Minack: If fiscal policy is dead, what does that mean for risk assets?
From Gerard Minack of Morgan Stanley (hat tip Scott):
The past two years have demonstrated the high cost of these policy errors. More to the point, the private sector now seems leery of debt and aiming to increase saving. This matters a lot, in our view. It means that monetary policy is battling two headwinds. The well-known problem is the ‘lower bound’: With inflation low, real interest rates can’t be reduced far enough to encourage demand.
The other problem – and we think perhaps the more telling one – is lower demand. An economist sees this as the demand curve for credit shifting down and to the left. Exhibit 4 suggests that this has happened. The scatter-plot tracks the real mortgage rate (vertical axis) against the net balance of bankers reporting stronger demand for mortgage finance, as reported in the Fed’s Senior Loan Officer Survey (horizontal axis). (Since mid-2007, the Fed asks separately about prime and other mortgages. We have averaged those responses.) The best-fit lines suggest a shift over the past four years: Households are less willing to borrow at any given level of interest rates. In other words, rates have to fall farther than usual – and farther than modeling based on history would suggest – to generate a given increase in credit demand. (As an aside, when we tried the same thing with demand by large corporates, we couldn’t see a similar shift.)
Why does this matter? If the expansion continues – and our macro colleagues think it will – then it won’t matter: Policy will have done enough to support at least a tepid recovery in the developed world. But these issues will matter a lot if growth falters.
Our sense is that investors are more concerned now about the stretch in fiscal policy than monetary policy. Those concerns, and political factors, may limit the ability of fiscal policy to respond to renewed macro weakness in some developed economies. If investors also sense that monetary policy has lost its potency – or, put better, can’t single-handedly prevent recession – then risk assets will fall. More to the point, we think it means that investors (righty) will continue to focus on growth data, rather than rate or liquidity indicators.
One final point: The final step in Mr. Bernanke’s option list – the helicopter drop – clearly differs from the others. The difference is that instead of lowering the cost of borrowing money, policymakers are now giving it away.
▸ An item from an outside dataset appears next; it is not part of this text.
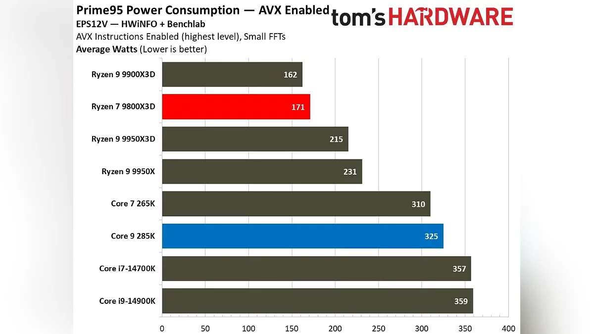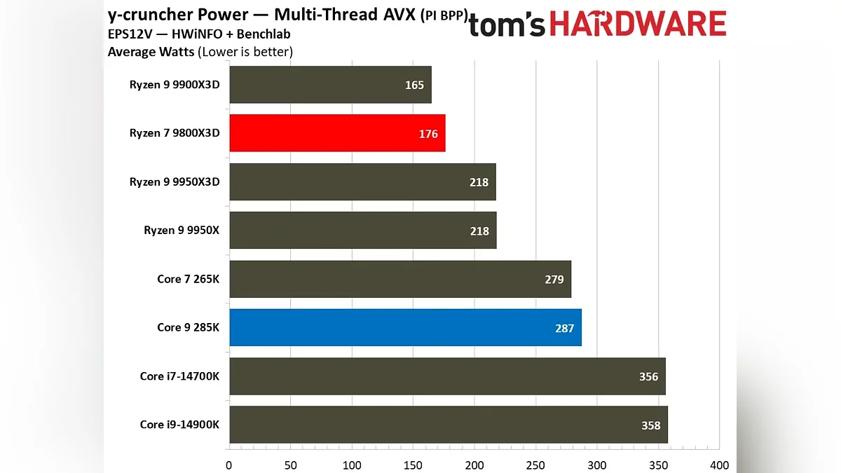 Ryzen 7 9800X3D потреблял на 63% меньше энергии в тесте y-cruncher и на 90% меньше в стресс-тесте Prime95 (AVX) под полной нагрузкой, чем синий конкурент. Это означает меньший нагрев и более тихую/доступную систему охлаждения. Также цена процессора от AMD примерно на $120 (около 9 500 рублей) ниже, а еще он совместим с существующими материнскими платами AM5 (B650/X670), тогда для Intel требуется новая плата на чипсете 800-й серии и сокете LGA1851.

That, surely, would work. Of course, there are practical issues. This would effectively be fiscal policy (indeed, Mr. Bernanke didn’t really suggest helicopters – he suggested unfunded tax cuts), which means the central bank could not act autonomously. It also would increase the risk of the policy response to a deflation scare ending with inflation. We’ll write about this later.
What is Gerard saying?
- Policy errors matter when the economy is at stall speed and any number of exogenous shocks can tip us into deflation and recession.
- The credit demand curve has shifted downward wholesale. But, more than that the price inelasticity of credit demand is high. That means monetary policy will have a weak effect on end demand. Read: The Fed pushing on a string.
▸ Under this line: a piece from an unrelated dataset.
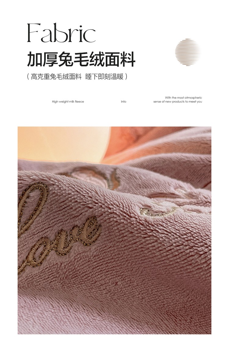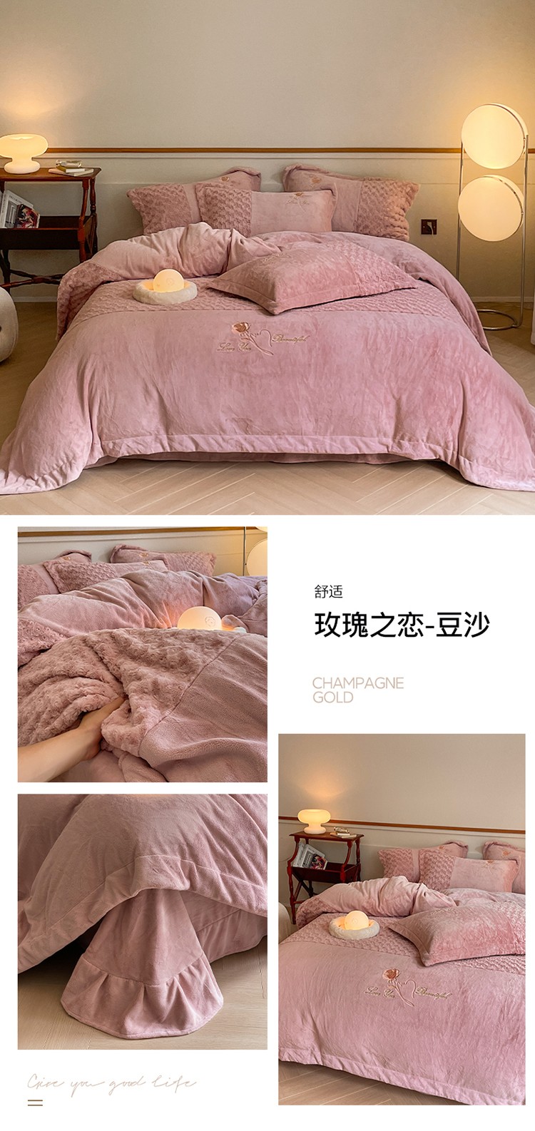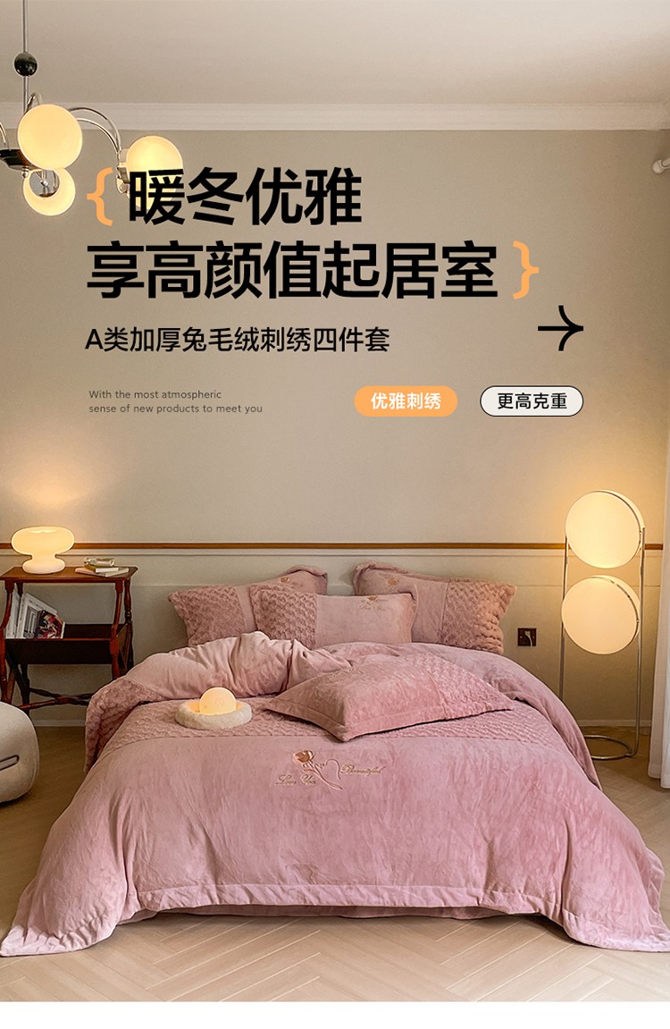 商品名称:嗯呢2023新款高克重双拼兔毛绒牛奶绒保暖刺绣绒四件套 玫瑰之恋-豆沙

- Investors are concerned about fiscal policy more than monetary policy. But fiscal policy is dead – if only for political reasons. Therefore, monetary policy has stepped centre stage. For that, I refer you back to #2. This is bad for risk assets (high yield, emerging market bonds, and stocks – especially ones with high beta or in economically sensitive sectors)
- The helicopter drop (crediting bank accounts with dollars) option is qualitatively different from all the others. But this would be a further move by the Fed into the fiscal arena.
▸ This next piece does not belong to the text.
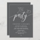 Marque o começo de sua eternidade com elegância usando nossa cinza negra contemporânea, chamada de celebração do elopemento de casamento, "Feliz Sempre Depois da Festa". Perfeito para os casais estendendo sua alegre ocasião, este convite exude sofisticação com uma sugestão de brincadeira, definindo o palco para um evento memorável. Adorado com um tema design de roteiro moderno de eterno, ele adiciona um toque de encanto refinado às suas festividades. Feito por TeeshaDerrick, este convite promete capturar maravilhosamente sua história de amor.

My take: The helicopter drop option would only come after deflation has already set in i.e. after the depression becomes apparent in the form of a renewed drop in GDP, an increase in unemployment and a drop in risk assets. Don’t think the Fed will wade full-scale into the fiscal arena unless forced to do so. In the meantime, I expect almost no fiscal stimulus in the U.S. or anywhere else in Europe. Fiscal policy is dead until the next leg down. Monetary policy will be the stimulus drug of choice; But the drugs won’t work and we will probably get another leg down.
My hope is that job growth can pick up before any of this becomes axiomatic. But this is not what recent data in the US are telling us. The recent data say economic weakness is accelerating. If this trend continues, expect risk assets to be a poor medium-term bet.
If fiscal policy is dead, then hope for recovery is dead. Mapping the Recovery Act spending (vs. tax cuts) against GDP and employment demnstrates the close connection. Mapping monetary policy against GDP and employment shows nothing. Continued faith in monetary policy after three years of failure …?
The investment that is the object of low rates and bank welfare is not happening. It will not happen until there is a prospect for profit. The deleveraging — paying down debt — in the private sector will continue even with money dropped from helicopters.
Galbraith’s big, long-term public goods spending… a national and ongoing jobs program per Minsky… some stable floor under demand … absent this, there will be no recovery. PS: Did nobody notice that Greenspan’s cheap money and Bush’s tax cuts produced no — ZERO — jobs for the 00’s?